# Reshaping a Guitar Neck



## Drazden (Oct 26, 2007)

Hello, you shiny happy people,

It's almost 1am, and I figure I'd better share with you my plans for the rest of the winter. I'm going to buy an SG very soon, either a '61 reissue or a Special Faded. Now, the Special Faded is about 1/3 the cost of the '61 reissue, if not less. 

I love the cosmetics of the Special Faded, especially the brown with the ebony fretboard and moon inlays. But I hate the big, thick baseball bat neck on these. 

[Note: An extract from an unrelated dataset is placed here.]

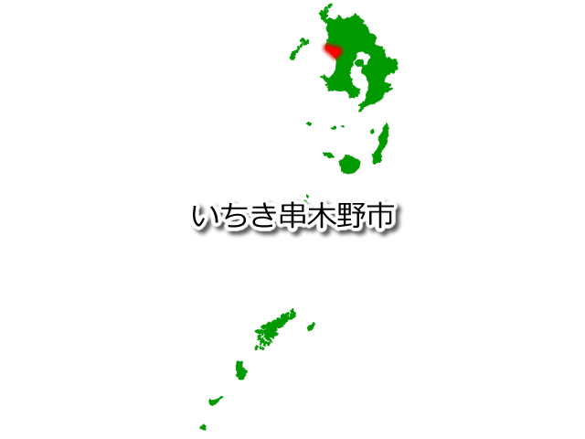 鹿児島県いちき串木野市を示す画像を元に、目的地案内や出身地説明、ルート案内や学習コンテンツなどにご活用ください。

How difficult is it to reshape a guitar neck--not one finished with anything, just hit with the stain that Gibson uses on the Faded series? I've got the 'donor' neck in my Gibson Gordie Johnson--I would want to duplicate that on the Faded. 

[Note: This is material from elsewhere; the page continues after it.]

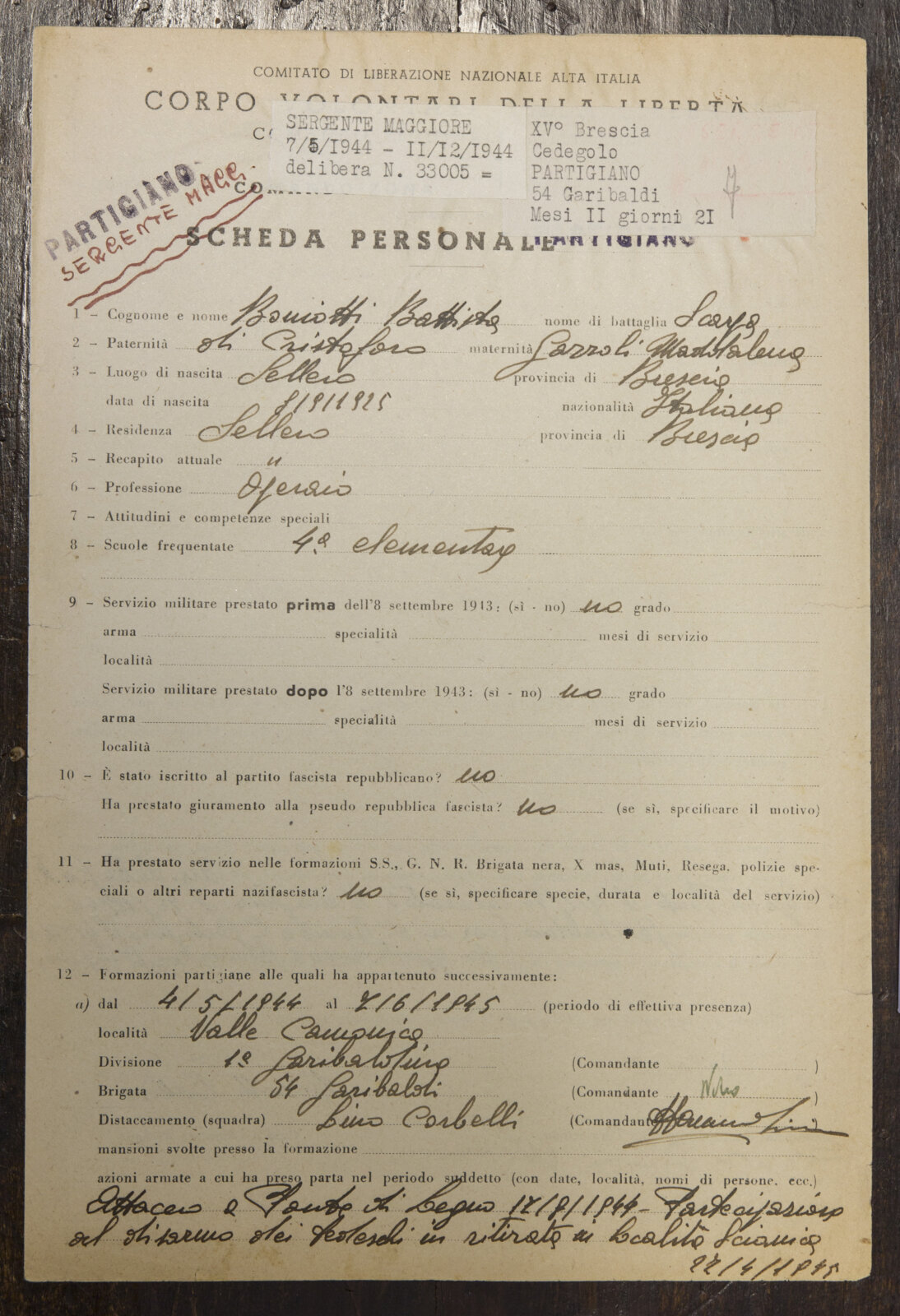 BONIOTTI BATTISTA - Partigiano e Sergente Maggiore

What sort of tools do I need to make this work? It'd save me a bunch of money to buy a Special and customize it as opposed to ante up for a '61 RI. This is for a gigging guitar, so I'm just going to beat the hell out of it anyway. 

Help me out!


----------



## Budda (May 29, 2007)

If the '61 RI has the neck you want, get that guitar. Buy it used if you can. There's nothing wrong with a well-loved instrument.


----------



## shoretyus (Jan 6, 2007)

It's not too hard to reshape the neck. I have done it on a Fender style neck. Once you figure out how much needs to come off pick a couple of points and rasp that much off then remove the material in between. Rasp, file. scrapers sand paper. One of these pattern template things would help too. 











Transfer to new neck


----------